The best solution, of course, is to simply kick the astronomers out of civil timekeeping entirely. Bring them in for a consultation every thousand years and change time zones then, if necessary.

Comment Re:Fix NTP (Score 1) 289

Yes you are right, I had forgotten just how broken POSIX time is. Completely unfixable.

Which is stupid, because struct tm actually supports leap seconds and even (despite them not being possible) double leap seconds.

...and whatever data structures are used to keep tract of future scheduled events might have to be updated to reflect that, for example, July 1, 2015, 00:00:00 UTC is going to be one more second later than was expected at the time an event was scheduled for that date and time.

This bit you already have to handle due to daylight savings and time zone changes. If the user inputs a local date and time for a particular event, it is NOT valid to convert and store that as seconds after the epoch. That conversion can change anytime.

Comment Fix NTP (Score 4, Interesting) 289

The main problem is the wrong handling of UTC by NTP and Unix.

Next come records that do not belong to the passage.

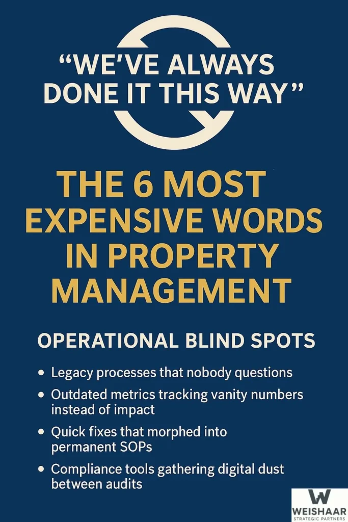 In property management, comfort is tempting. Familiarity feels safe. But the cost of those six words, “We’ve always done it this way,” is often far higher than we realize.
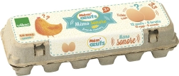 Garsinis atminties žaidimas kiaušinio formos, klasikiniame kartoniniame dėkle, yra idealiai tinkamas vaikų sensoriniams gebėjimams lavinti. Žaislas lavina atmintį, nes vaikai ieško porų kiaušinių su tokiu pačiu garsu.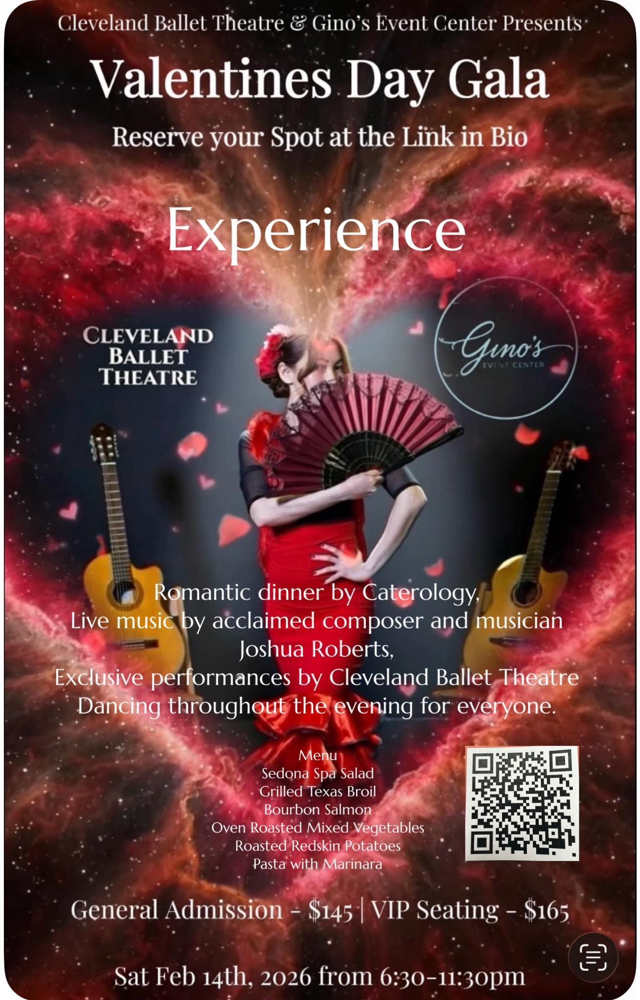 Cleveland Ballet Theatre and Gino's Event Center present a Valentine's Day Gala, Saturday February 14, 2026 from 6:30 to 11:30 featuring a romantic dinner by Caterology, live music by acclaimed composer and musician Joshua ROberts, exclusive performances by Cleveland Ballet Theater, and dancing throughout the evening for everyone. Ticket sales end February 4 2026.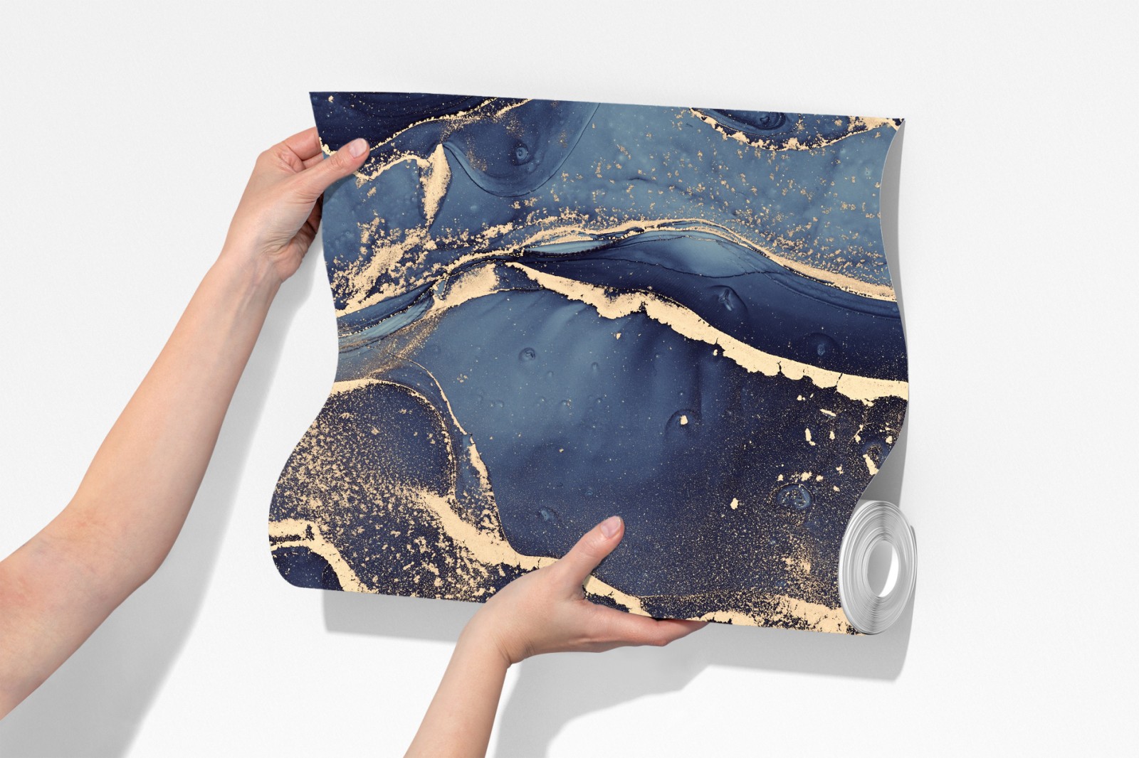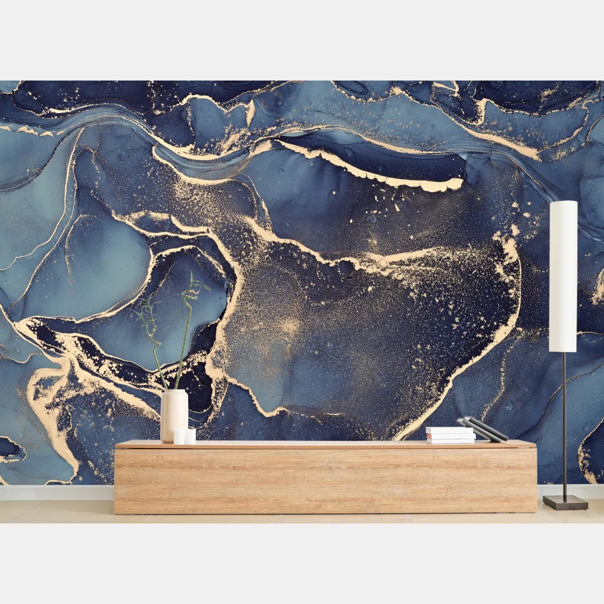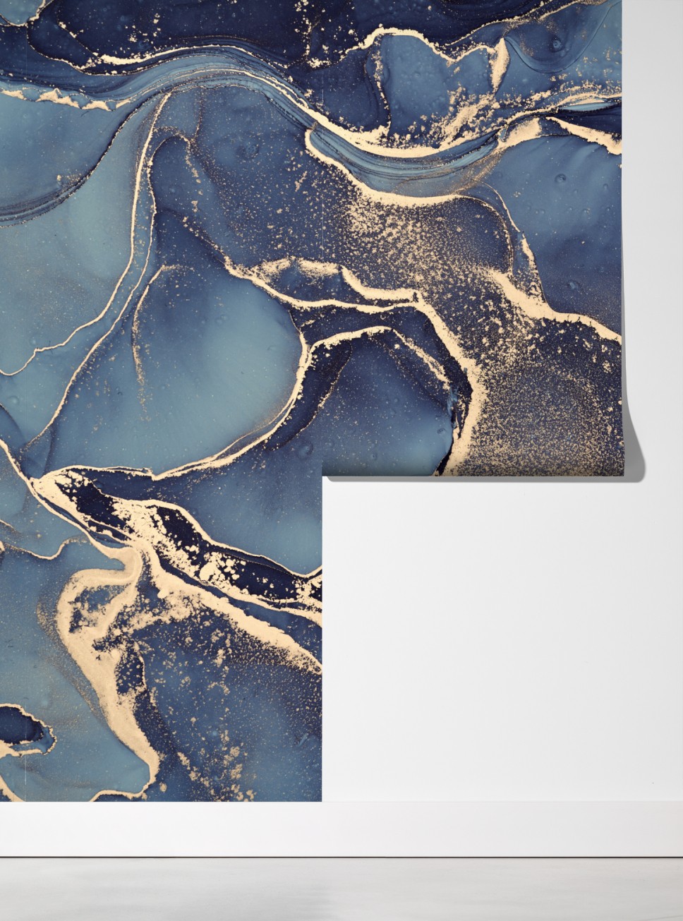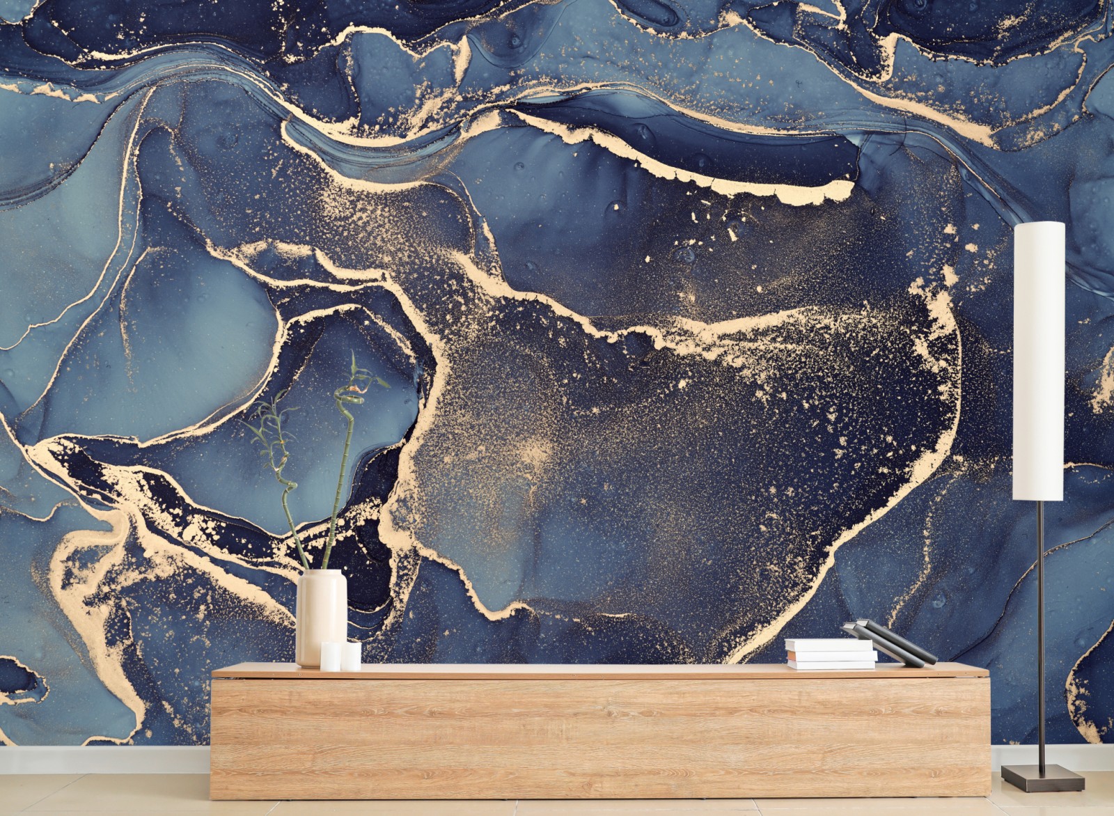 Fototapete traumhafte abstrakte fließmalerei in blau und gold – Wallnifity®

NTP is simply on the wrong time system. It is a system which is designed to accurately keep a monotonous steady time shared among millions of systems spread across time zones. It does not have any sensible way of dealing with the fact that some systems want to suddenly add a second or subtract one, just like it cannot deal with time zones or Mayan calendars. Those are simply outside its problem domain. Luckily the fix is simple: Stop handling leap seconds at all in NTP, just keep counting seconds. If you must handle it in NTP for those client systems too primitive to do it themselves, do it by transmitting the current offset between NTP time and UTC. The best solution would be to define NTP time to be TAI of course, but it will likely have to be TAI+offset to handle backwards compatibility.

Unix again does it wrong by keeping system time in UTC rather than TAI. UTC is useful for humans but difficult for machines, it should be handled by the human interface libraries, just like time zones. Kernel time should be TAI of course. When leap seconds are inserted, systems must be updated, but that is not particularly harder than keeping the time zone files up-to-date is already. Of course it would be a lot easier if the astronomers would let us know a few years in advance rather than six months, but then the offset between TAI and UTC could exceed 0.9 seconds, and as we all know that would bring Ragnarok.

GNU systems even have sets of time zones for precisely this reason: "POSIX" and "Right". Unfortunately it is not possible to use the "Right" time zones with current NTP.

Comment Re:Public Key, not SSH. (Score 1) 203

I don't get what you are saying. I did not say the things you quoted.

I have my SSH private key saved securely. That is easy, it does not take up any room at all. My password database on the other hand is not backed up; I am not willing to make the compromises necessary to do so. I will just have to recreate passwords everywhere in case my drive crashes.

Life would be a lot easier if sites would accept my SSH key or my PGP key as ID.